Emily Wold (born September 26, 1994) is a former American field hockey player, who played as a midfielder.

==Personal life==
Wold was born in Englewood, New Jersey to Mark and Kathleen Wold. Raised in Freehold Township, New Jersey, she began playing hockey at 12 years old in 2006 and attended Freehold High School, from which she graduated in 2012.

She was a student at the University of North Carolina and majored in communication studies.

==Career==
===Junior National Team===
In 2012, Wold was a member of the United States U–21 team at the Junior Pan American Cup in Guadalajara, Mexico where the team won bronze.
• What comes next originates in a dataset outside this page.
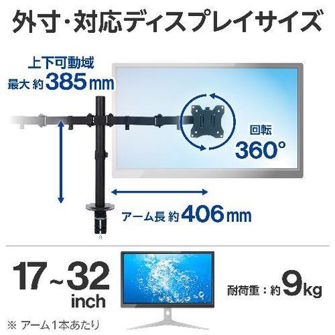 ■17インチから32インチのモニターに対応する、モニター用アームです。
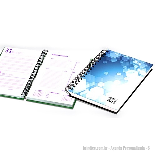 Agenda Personalizada - 6 - Fabricação própria, agendas personalizados do seu jeito. Permite lâminas de publicidade. Tamanhos 15x21 cm. Capa impressa em 4 cores, miolo de agenda diária impresso em duas cores contendo 4 idiomas, Dados pessoais, contatos telefônicos, mapa mundi colorido completo e calendário dos dois próximos anos. Acabamento em wire-o. - 83580 - Portal de Brindes Personalizados | Guia Bríndice 38 Anos - Agenda

At the tournament, Wold was captain of the team.

===Senior National Team===
Wold made her senior international debut in 2013, at the FIH World League Round 2 in Rio de Janeiro, Brazil.
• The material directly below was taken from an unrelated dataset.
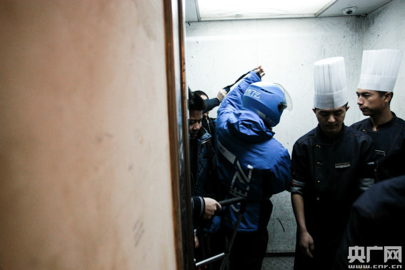 很多高檔寫字樓,需要?jiǎng)潌挝坏拈T卡才能坐客梯上樓。所以,像趙慶富這些送外賣、送快遞小哥一般都只能坐貨梯。每到送餐高峰期間,貨梯的速度很慢,一棟寫字樓又往往有很多層都有訂餐。“為了節(jié)省時(shí)間,我很多時(shí)候就直接爬樓梯,最高曾一口氣爬到過20多層”。

Following her debut, Wold was a mainstay in the national team for three years until her retirement in 2016. During her career, Wold medalled with the team three times, gold at the 2014 Champions Challenge I and 2015 Pan American Games, as well as bronze at the 2016 Champions Trophy.

Wold announced her retirement from the national team in 2016, after she failed to gain selection for the 2016 Olympic Games.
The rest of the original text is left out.